Thin Minty Sandwich Cookies

Gluten-free, very low lactose, FODMAP friendly

Yield: two dozen cookie sandwiches

If you miss Girl Scout cookies—a true comfort food!—here’s something chocolaty-minty that’s ALMOST as good, gluten-free, and not difficult. I keep a tub of baking mix in my fridge, so the hardest part was waiting while the dough chilled.

Ingredients

  • 1 cup Baking Mix 1 [OR use ¼ cup plus ½ Tbsp each of sorghum flour, millet flour, and sweet (sticky) rice flour; plus 2 ½ Tbsp tapioca starch] – Or try your own gluten-free flour blend.
  • ½ cup cocoa
  • ¼ tsp salt
  • 1 stick butter
  • 1 cup sugar
  • 1 egg
  • ¼ tsp mint extract

 

  • heaping ½ cup chocolate chips
  • 1 Tbsp almond milk, sweetened or unsweetened

Instructions

  1. Unwrap and microwave the butter in a small bowl for 10-15 seconds. Set aside to finish softening. Sift together into a small bowl the baking mix or flours, cocoa, and salt.
  1. Cream butter with sugar until light and fluffy. Add the egg and mint extract, and mix well.

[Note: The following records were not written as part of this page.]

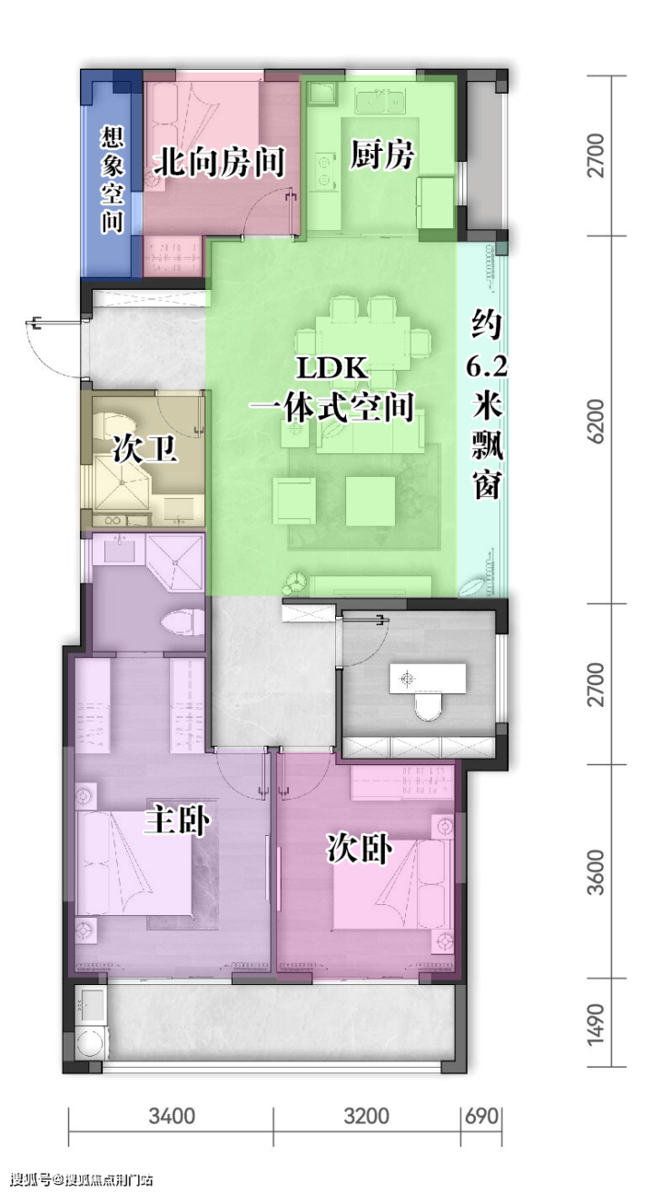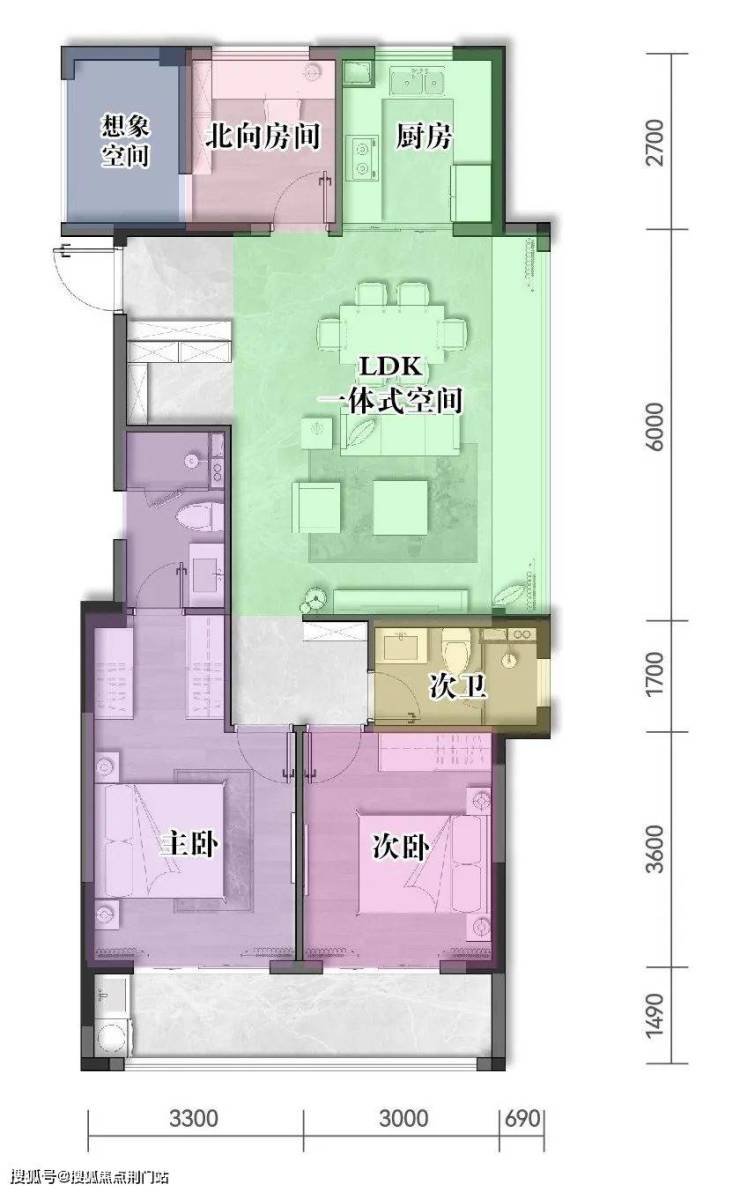 建面约109㎡的户型:与南向面宽等长的双开间阳台,轻松实现主、次卧的阳光平权;一体式LDK+约6米飘窗台,空间游刃有余、张力十足;独立储蓄空间是“家的收纳师”,让生活秩序井然、得心应手。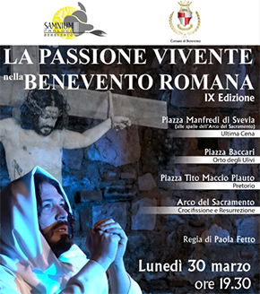 Il Comune di Benevento ha informato che, in ragione dello spostamente dell'evento "La Passione vivente nella Benevento Romana", a lunedì 30 marzo, i dispositivi chiusure traffico e divieti sosta, inizialmente previsti per domani, di cui parliamo in altra parte del giornale, saranno attuati proprio lunedì 30 marzo.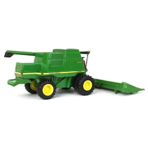 Feito por ERTL Construção em metal fundido com algumas peças de plástico Rodas de borracha As cabeças de grãos e milho são destacáveis, permitindo personalização e diferentes opções de exibição. A cabine possui janelas transparentes Trado de descarga giratório e interior detalhado da cabine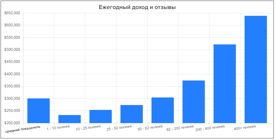 Исследование показало, что если у компании больше 82 отзывов, ее годовой доход выше среднего показателя на 54%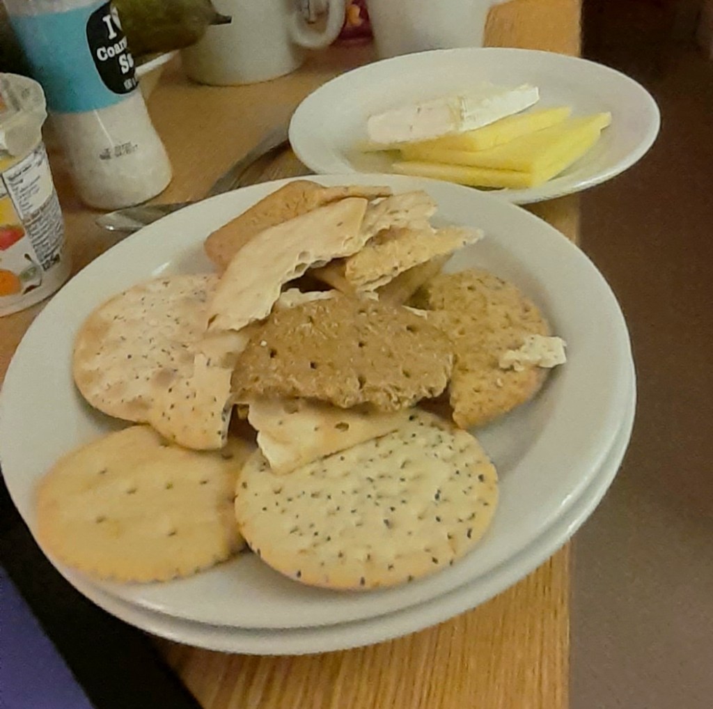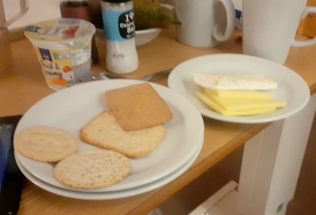 Then cheese and biscuits, for the all important protein (and even more all important ‘being cheese’ factor): four crackers tonight, including a Ritz one (or knock-off version of a Ritz that tastes identical) and one of the ones they call ‘wheatmeal’ but are just digestive biscuits by any other name.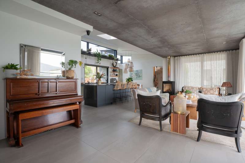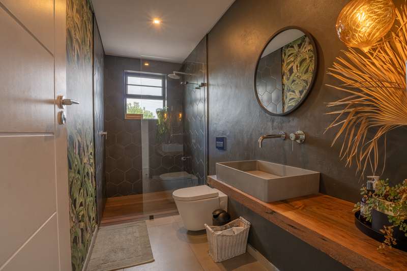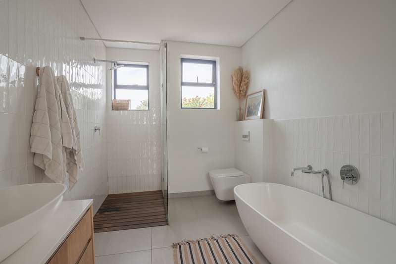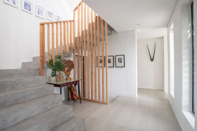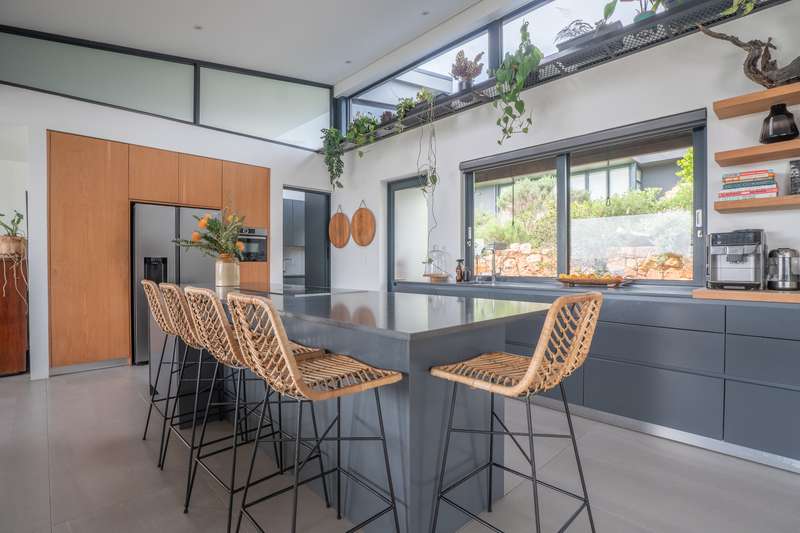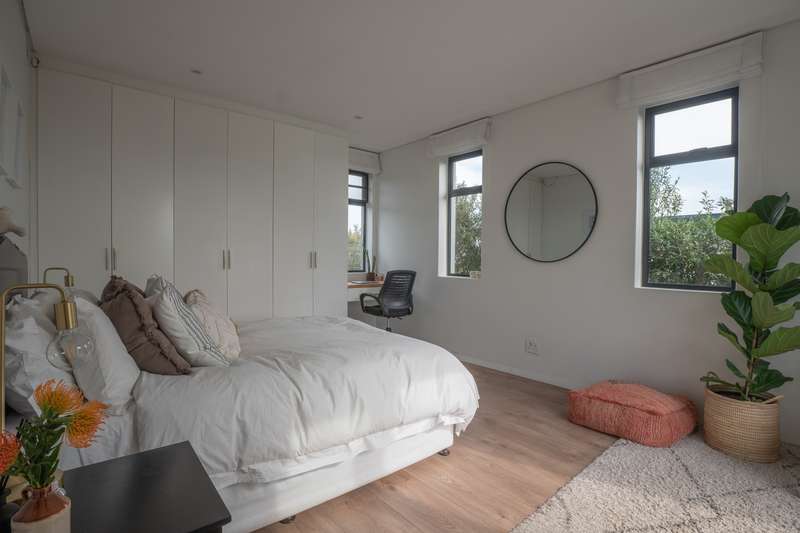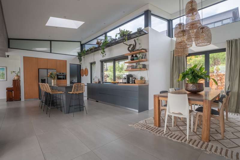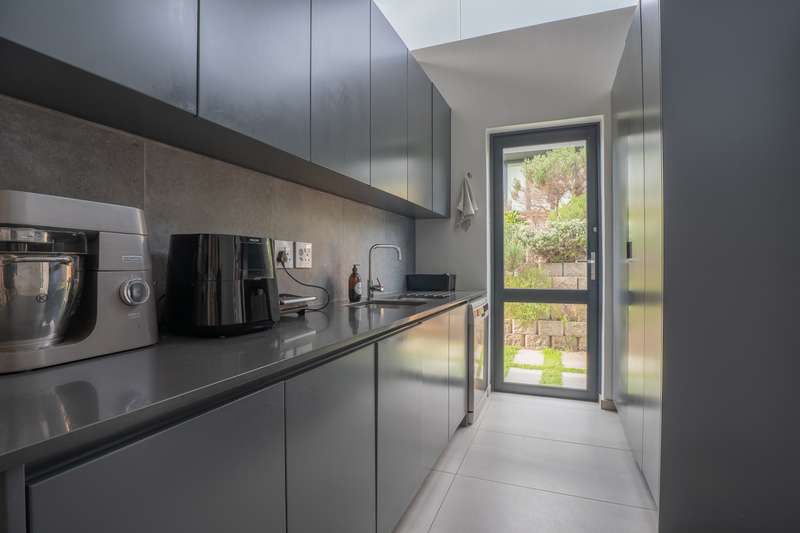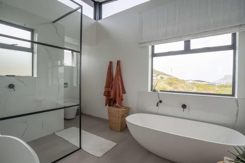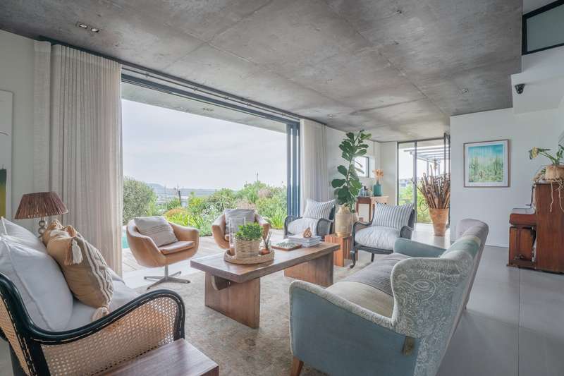 Situated high up in the Estate, welcome to your dream home in this sought-after eco-environment, where luxury meets coastal living! This stunning modern contemporary residence boasts an open-plan design, seamlessly integrating the lounge, dining area, and kitchen, perfect for entertaining and family gatherings. Step through the spacious lounge and entertainment area, where floor to ceiling glass doors lead to an exquisite outdoor oasis. Enjoy al fresco dining by the sparkling swimming pool or cozy up around the cleverly hidden fire pit—all while soaking in breathtaking views. The gourmet kitchen is a chef’s delight, featuring sleek Caesarstone countertops and a generous scullery and laundry area, ensuring functionality meets style. The lower level offers two spacious bedrooms each leading to a patio bringing the outside in, with two elegantly designed bathrooms offering modern finishes. The separate TV Room has a specifically designed built-in pull down double bed and could easily be utilised as a fourth bedroom, so there is ample space for family and friends. A separate study with shelving and a built-in desktop provides the perfect workspace for productivity. The Master Bedroom is situated on the upper level and offers a walk-in dresser, full main-en-suite bathroom and its own private balcony to enjoy stunning views of Noordhoek where you will be in awe of the magnificent sunsets. With impeccable details throughout, including concrete plinth ceilings, this home epitomizes contemporary elegance. The many extras include a solar geyser, battery back-up inverter, solar panels, water tank, garden irrigation and a built-in centralised vacuum system! This beautiful estate offers walking trails, a seasonal vlei and an abundance of indigenous flora and fauna. Don’t miss your chance to own this exceptional property and experience luxury living at its finest.

Beat in half of the flour mixture. Mix well. Repeat.
  1. Lightly flour a cutting board—use baking mix or any of its component flours. Divide dough in half, roll each half into a 1½” cylinder on the cutting board, and wrap the cylinders in wax paper (separately). Chill 5 hours.
  1. Preheat oven to 350 F. Line cookie sheets with parchment paper.
  1. Remove dough one piece at a time from refrigerator. With a very sharp knife, slice off ¼”-thick rounds and place on parchment paper.
  1. Bake 10-12 minutes, until cookie surfaces are dry. Let cool about a minute on the cookie sheet and then remove carefully from oven to wire rack, carefully flipping every second cookie upside down.
  1. Place chocolate chips and almond milk in a small bowl or custard cup, and microwave just until the almond milk bubbles. Stir well. If the chips don’t quite melt, microwave a few seconds and stir again. Do not over-heat.
  1. On each upside-down cookie, place a rounded dollop of melted chocolate. Top each frosted cookie with an unfrosted one and press down gently.
  1. Cool completely. Store in freezer.